If the wavefront curvatures happen to be unequal (lower part of Fig. 4), the values of the Φi will vary, depending on the curvature mismatch. Therefore, the averaged total phase will be different from the single Φi phases. If the wavefronts with different curvatures are tilted they see the same additional-phase-difference which appears on both sides with different sign and increases with lateral distance. By measuring the entire interference pattern these additional-phase-differences still cancel each other, but will result in a loss of contrast in the interferometric signal. This loss of contrast as well as the additional-phase-difference depends on the lateral distance to the pivot. Therefore, a wavefront tilt will discriminate the Φi in the outer areas of the photo detector. For equal wavefronts this is uncritical since every point on the detector gives the same signal. But for unequal wavefronts, each point generates a different phase signal. By tilting the wavefronts, the balance between the different phases changes and thus the resulting total phase signal (the average of the Φi) changes, too. This can be seen in the two green arrows in the bottom half of Fig. 4. The total phase in the titled scenario is shorter (loss of contrast) and has a different angle (the phase has changed).
3.3. Higher order Gaussian modes
Higher order Gaussian modes of odd order generate in general an asymmetric amplitude profile (see Fig. 5), which disturbs the phase readout, since the phases at the different detector positions are weighted with the product of the electric fields amplitudes. We get rid of higher order modes with the use of an optical resonator.

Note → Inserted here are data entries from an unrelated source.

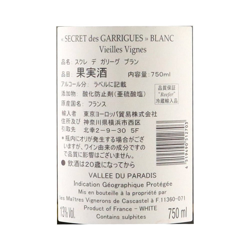 楽園の谷「バレー・ド・パラディ」で造られる。樹齢の高い南フランスのぶどうで、エキゾチックさも感じるフルーティな辛口ワインです。お料理と一緒に。
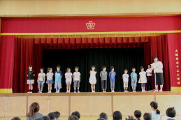 本校では、この一学期、読書運動やなわとび運動、音頭・暗唱に取り組んできました。その中で、早くもこの一学期に「読書名人」「なわとび3級」「なわとび名人」「なわとびスーパー名人」になった人たちがいたので、その人たちに校長先生より認定書の授与がありました。2学期も認定書の授与を行いますので、この夏休みも続けて頑張ってほしいです。
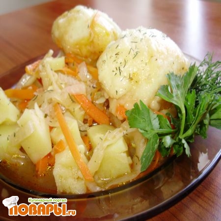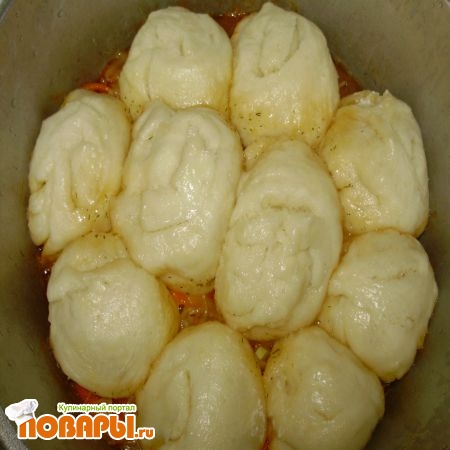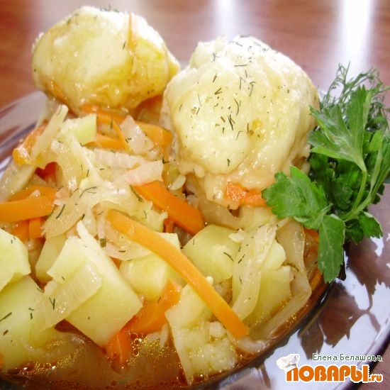 На тарелку выкладываем «шарики» (пампушки) теста и овощное рагу. Украшаем блюдо. На порцию 2-3 пампушки.
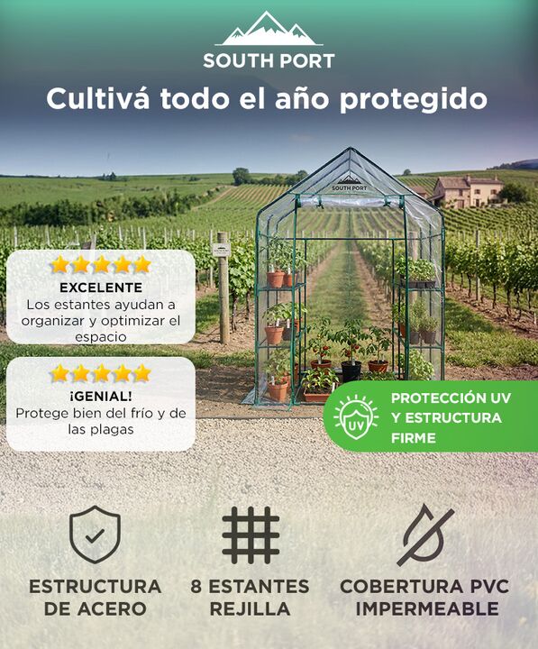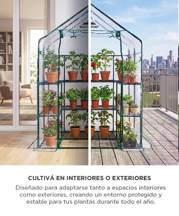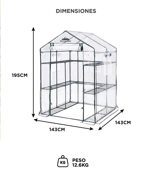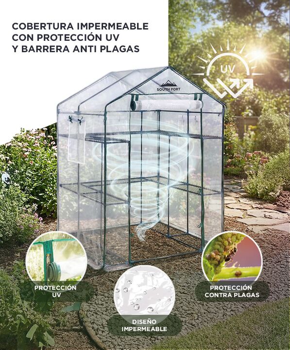 Estructura reforzada para mayor estabilidad: El Invernadero South Port by Gadnic INV04 cuenta con estructura metálica tubular y conectores firmes que brindan estabilidad superior frente a viento moderado. Ideal para uso exterior en patio o jardín. Diseño transitable con amplio espacio interior: Su f...
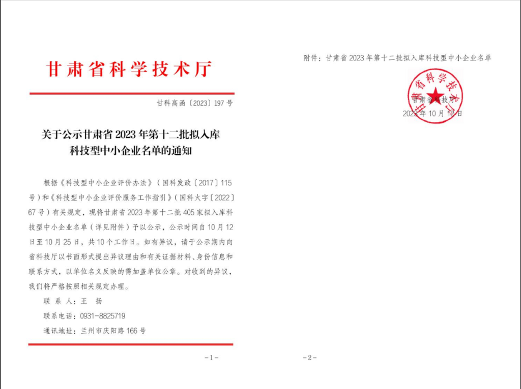 甘肅省2023年第12批擬入庫科技型中小企業(yè)名單公示
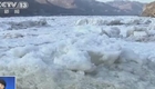 男子发现鸭子被冻湖面 跳湖破冰救援
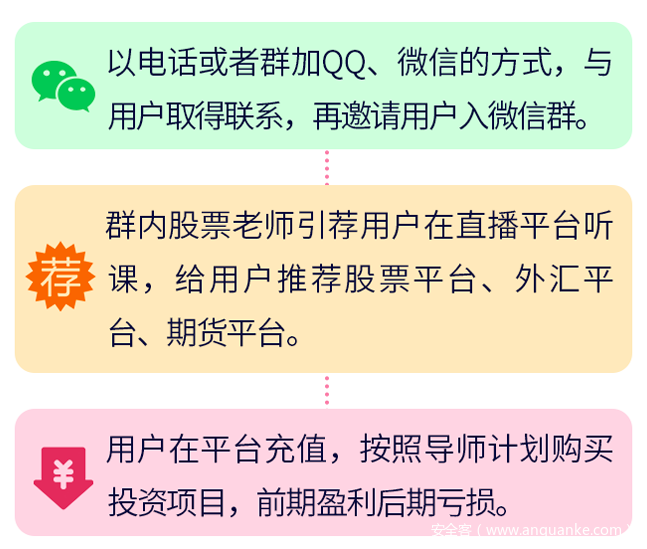 即以荐股为名,吸引用户在虚假平台投资,骗取资金。
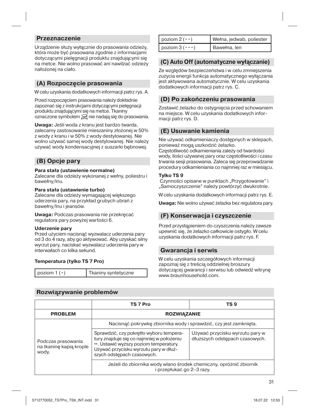 Zostawic zelazko do ostygnięcia przy schowaniem na.), W celu uzyskania dodatkowych infor
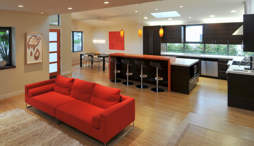 Кстати, красной может быть не только мебель – элементы напольного покрытия, занавески, люстры, декоративные мелочи часто окрашены в этот темпераментный и броский цвет. И выглядит это очень эффектно и современно.
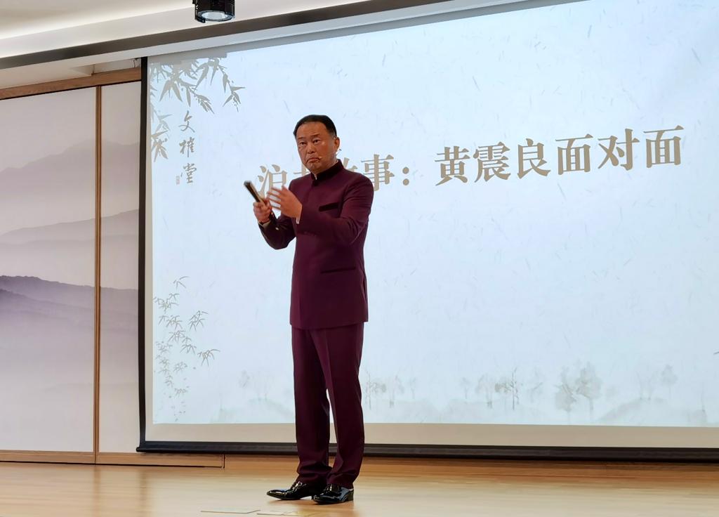 另一位做客“戏曲曲艺名家谈”的是沪书传承人、上海市曲艺家协会副主席黄震良。他为学子开讲“沪书故事”,讲述了如今沪书在发展中遭遇的现实困境,以及上海曲艺界为上海话的普及与传承所开展的工作和付出的努力。他还现场表演了自己创作的沪书经典剧目。

Fig. 5 A fundamental Gaussian mode is mixed with a Hermite-Gaussian 30 mode, the resulting beam is asymmetric.
4. Experimental setup
A schematic of the experimental setup is shown in Fig. 6. To ensure that both beams in the experiment are equal and have the same wavefront curvature at the detector (to suppress unequal beams, compare to Sec. 3.2), a homodyne equal arm-length Mach-Zehnder interferometer with only one light source is used. The path length is measured with multiple different detectors which will be described subsequently.

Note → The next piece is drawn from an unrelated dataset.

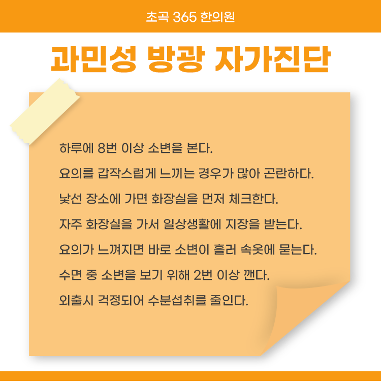 과민성 방광 증후군의 여부는 소변검사를 통해 확인해 볼 수 있습니다. 소변에 염증이 있는 경우라면 항생제 복용을 통해 개선할 수 있지만, 만성화 된 경우라면 좀 더 세심하게 다양한 부분들에 초점을 맞추어 증상에 맞는 치료를 적용할 필요가 있습니다. 일반적으로 소변은 하루에 8~9회 정도 보는 것이 정상이며, 밤에 숙면을 취하는 중에는 소변을 보지 않거나 1회정도 보는 것이 정상입니다. 이보다 소변을 많이 볼 경우나 소변으로 인해 자주 잠에서 깨어나 숙면에 방해받는 경우에는 검사를 통해 정확하게 확인해 본 후 포항 잔뇨감 한의원 초곡 365 한의원에서 본인의 상태에 맞는 치료가 진행되어야 합니다.
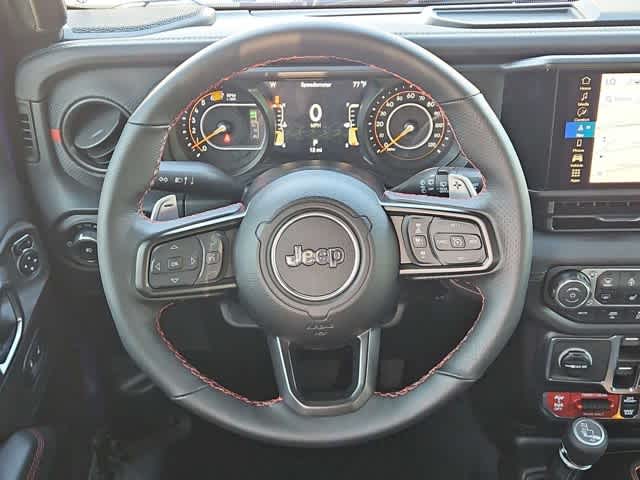 This Jeep comes with:Quick Order Package 27X Moab (Body Color Grille w/Neu Grey Metallic Ring, Delete 4-Wheel Drive Swing Gate Decal, Electronic Locking Front Axle, Freedom Panel Storage Bag, Front Disconnecting Stabilizer Bar, MOAB 392 Hood Decal, MOAB 392 Swing Gate Plaque, MOPAR Hardtop Headliner, Nappa Leather Seats, Premium Door Trim Panel, Rear Window Defroster, Rear Window Wiper/Washer, and Sepia Interior Accents), 12.3 Touchscreen Display, 35 Tire Rubicon 392 Suspension, 4-Wheel Disc Brakes, 4.56 Rear Axle Ratio, 4G LTE Wi-Fi Hot Spot, 9 Speakers, ABS brakes, Air Conditioning, Alloy wheels, AM/FM radio: SiriusXM with 360L, Apple CarPlay, Apple CarPlay/Android Auto, Auto High-beam Headlights, Auto-dimming Rear-View mirror, Automatic temperature control, Aux Battery, Auxiliary Switches, Brake assist, Class II Receiver Hitch, Compass, Connectivity - US/Canada, Delay-off headlights, Driver door bin, Driver vanity mirror, Dual front impact airbags, Dual front side impact airbags, Electronic Stability Control, Emergency communication system: Jeep Connect, For More Info, Call 800-643-2112, Front anti-roll bar, Front Bucket Seats, Front Center Armrest w/Storage, Front dual zone A/C, Front fog lights, Front License Plate Bracket, Front reading lights, Fully automatic headlights, Garage door transmitter, Glass rear window, Google Android Auto, Heated door mirrors, Heated front seats, Heated steering wheel, Illuminated entry, Integrated Center Stack Radio, Integrated roll-over protection, Leather Shift Knob, Leather steering wheel, Low tire pressure warning, Navigation System, Non-Lock Fuel Cap Without Discriminator, Occupant sensing airbag, Outside temperature display, Overhead airbag, Panic alarm, ParkView Rear Back-Up Camera, Passenger door bin, Passenger vanity mirror, Power door mirrors, Power driver seat, Power passenger seat, Power steering, Power Top Quarter Window Storage Bag, Power windows, Radio data system, Radio: Uconnect 5 Navigation with 12.3 Display, Rear anti-roll bar, Rear reading lights, Rear seat center armrest, Rear window defroster, Rear window wiper, Remote keyless entry, Removable Rear Quarter Windows, Security system, SiriusXM Radio Service, SiriusXM with 360L, Sky One-Touch Power Top, Speed control, Split folding rear seat, Sport steering wheel, Steering wheel mounted audio controls, Stop-Start Dual Battery System, Tachometer, Telescoping steering wheel, Tilt steering wheel, Traction control, Trip computer, Variably intermittent wipers, Voltmeter, Warn Winch, and Wheels: 17 x 8 Machined with Black Pockets. Prices do not include Protection Package + includes Vehicle Tint at $599, Door Edge Guards at $399, Wheel Locks at $199, PermaPlate at $700, LoJack at $1,199 and Etch at $899. Price does not include $699 Dealer Documentation Fee, taxes, and license fee.

Fig. 6 Draft of the experimental setup, with: polarizing beam splitter (PBS), quarter wave-plate (λ/4), quadrant photo diode (QPD), single element photo diode (SEPD), piezo driven actuator (PZT). The key components from Fig. 1 are labeled in blue.
The optical resonator (called mode cleaner [11]) in front of the experiment produces a purely fundamental Gaussian beam to suppress higher order modes (compare to Sec. 3.3). The resonator comprises two plane mirrors and one concave mirror with a radius of curvature of 1 m. The resonator round-trip length measures 416 mm. The eigenmode has a waist radius of 370 µm located between the two plane mirrors. After the resonator a telescope magnifies the eigenmode to a waist radius of 1 mm located roughly at the tilt mirror, which is representative for LISA. The resonator was used with p-polarized light and has a finesse of 360. The cavity round-trip length can be actuated by a piezo crystal attached to the concave mirror. It is stabilized using the tilt-lock technique [12]. The control loop has a unity gain frequency of ≈15 kHz and a phase margin of ≈ 40°.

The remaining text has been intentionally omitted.